» **YOUR ASSIGNMENT**:
Only the lines from the one containing "Предназначен для глубокой" to the end of the records belong in the copy. Reproduce them word for word and drop the pictures.

[Stored data]
────────

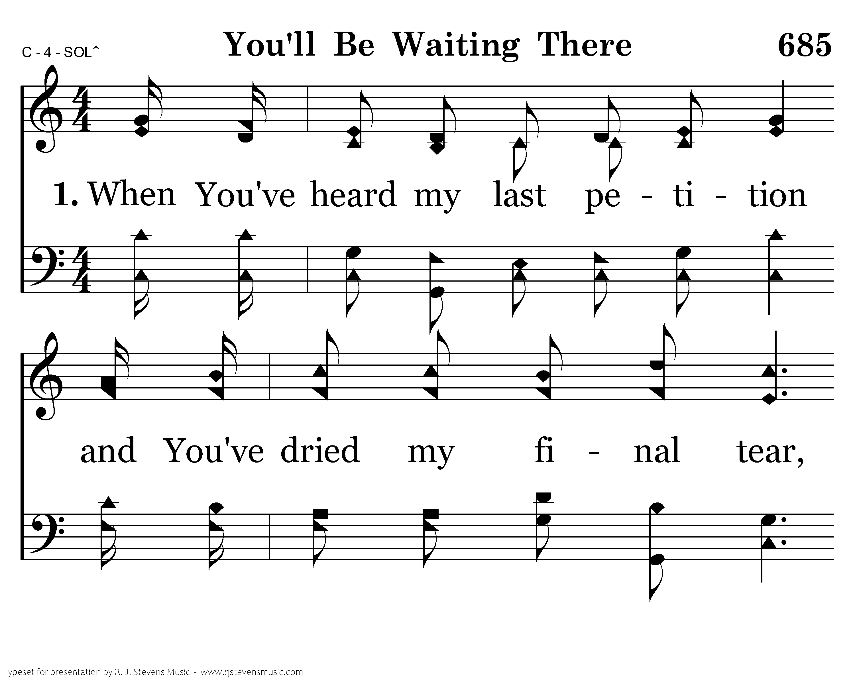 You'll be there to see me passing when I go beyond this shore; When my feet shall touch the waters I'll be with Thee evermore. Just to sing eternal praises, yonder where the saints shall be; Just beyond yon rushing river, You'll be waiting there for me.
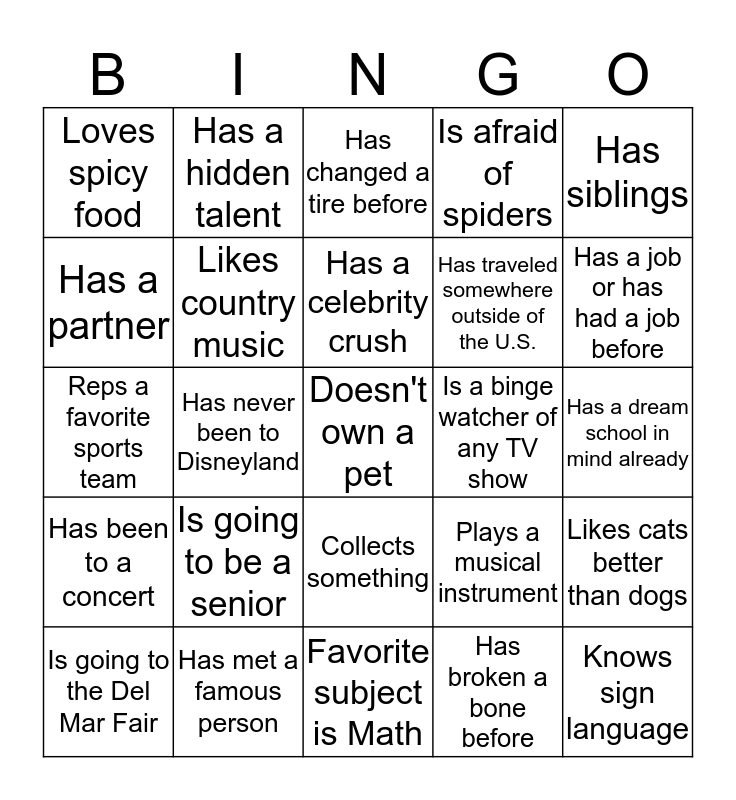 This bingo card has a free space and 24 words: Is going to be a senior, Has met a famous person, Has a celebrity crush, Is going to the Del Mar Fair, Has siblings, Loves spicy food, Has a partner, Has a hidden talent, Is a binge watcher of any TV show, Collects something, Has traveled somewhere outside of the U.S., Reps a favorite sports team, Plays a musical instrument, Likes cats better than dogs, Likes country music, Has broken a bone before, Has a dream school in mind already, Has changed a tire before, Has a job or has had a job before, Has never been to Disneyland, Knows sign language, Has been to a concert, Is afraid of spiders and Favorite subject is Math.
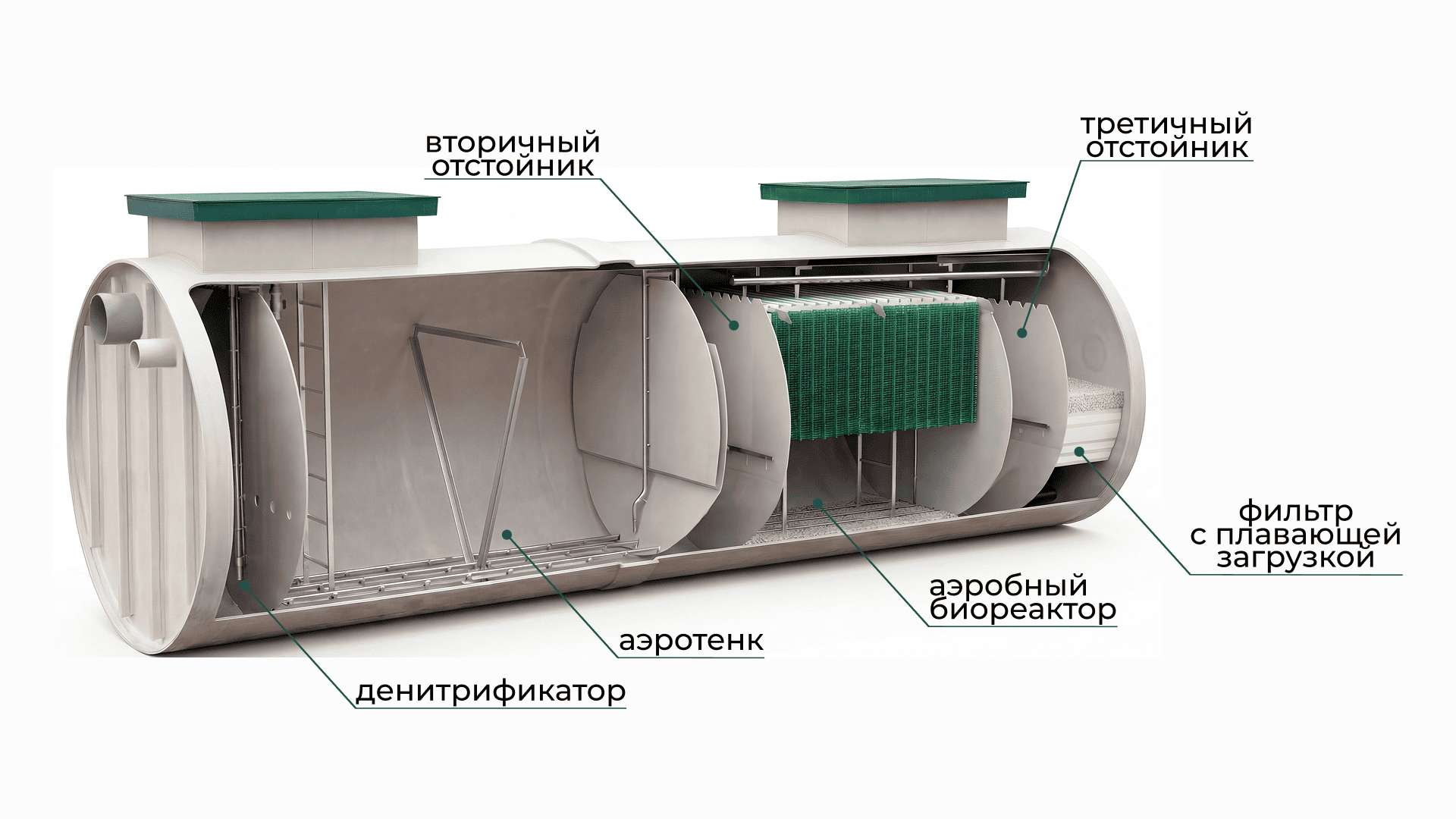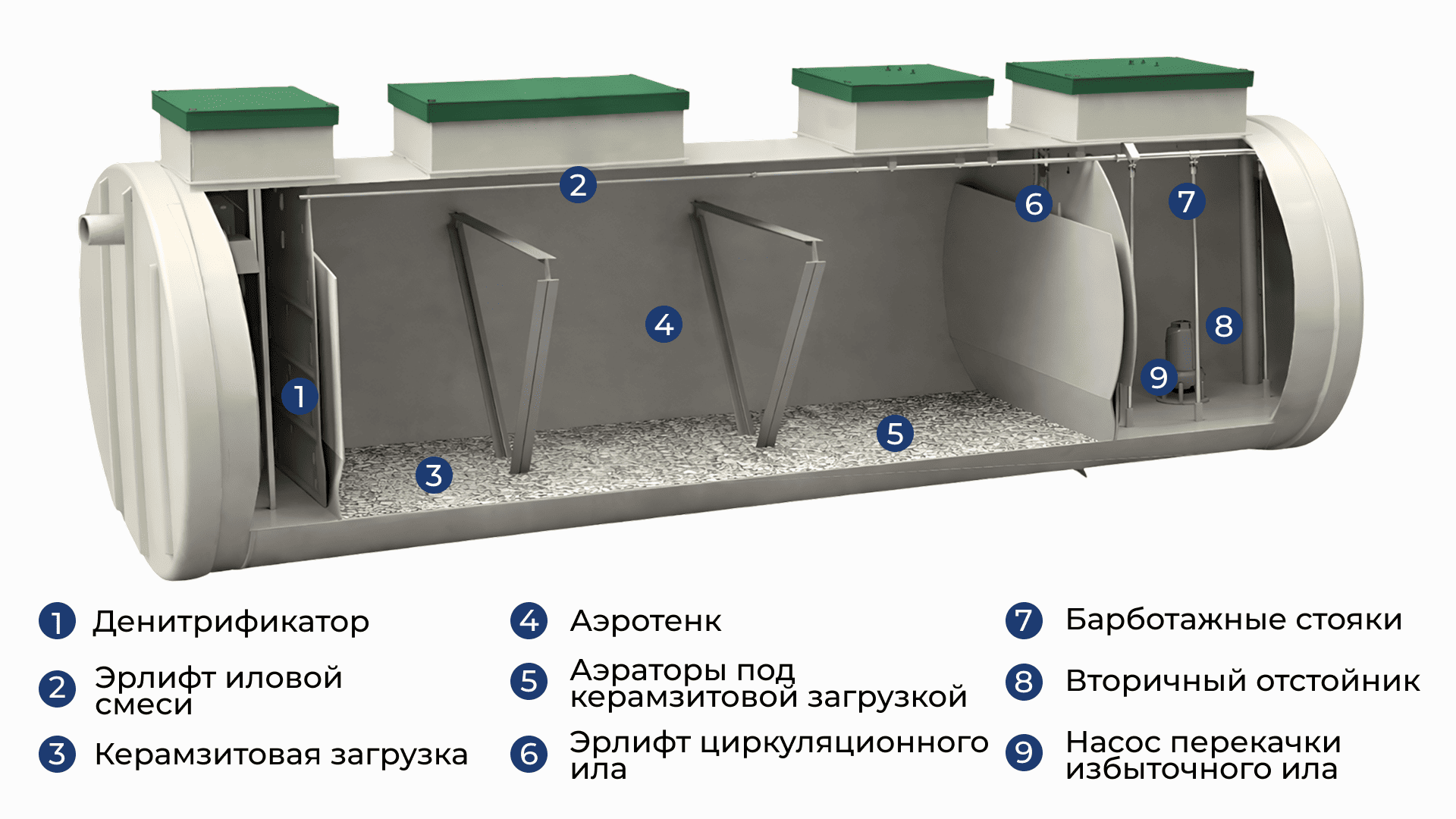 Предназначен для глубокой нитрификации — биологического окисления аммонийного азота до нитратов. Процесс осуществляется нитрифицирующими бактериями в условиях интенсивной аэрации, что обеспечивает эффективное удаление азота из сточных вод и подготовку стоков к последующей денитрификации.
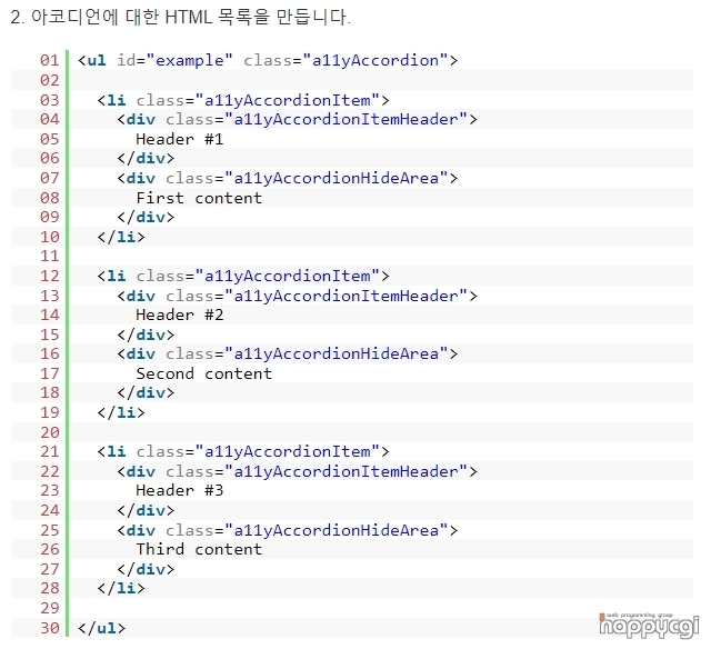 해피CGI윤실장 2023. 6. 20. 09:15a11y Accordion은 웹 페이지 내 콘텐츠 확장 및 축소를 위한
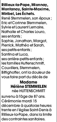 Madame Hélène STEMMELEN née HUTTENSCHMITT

────────

» **TASK OUTPUT**:
 Предназначен для глубокой нитрификации — биологического окисления аммонийного азота до нитратов. Процесс осуществляется нитрифицирующими бактериями в условиях интенсивной аэрации, что обеспечивает эффективное удаление азота из сточных вод и подготовку стоков к последующей денитрификации.
 해피CGI윤실장 2023. 6. 20. 09:15a11y Accordion은 웹 페이지 내 콘텐츠 확장 및 축소를 위한
 Madame Hélène STEMMELEN née HUTTENSCHMITT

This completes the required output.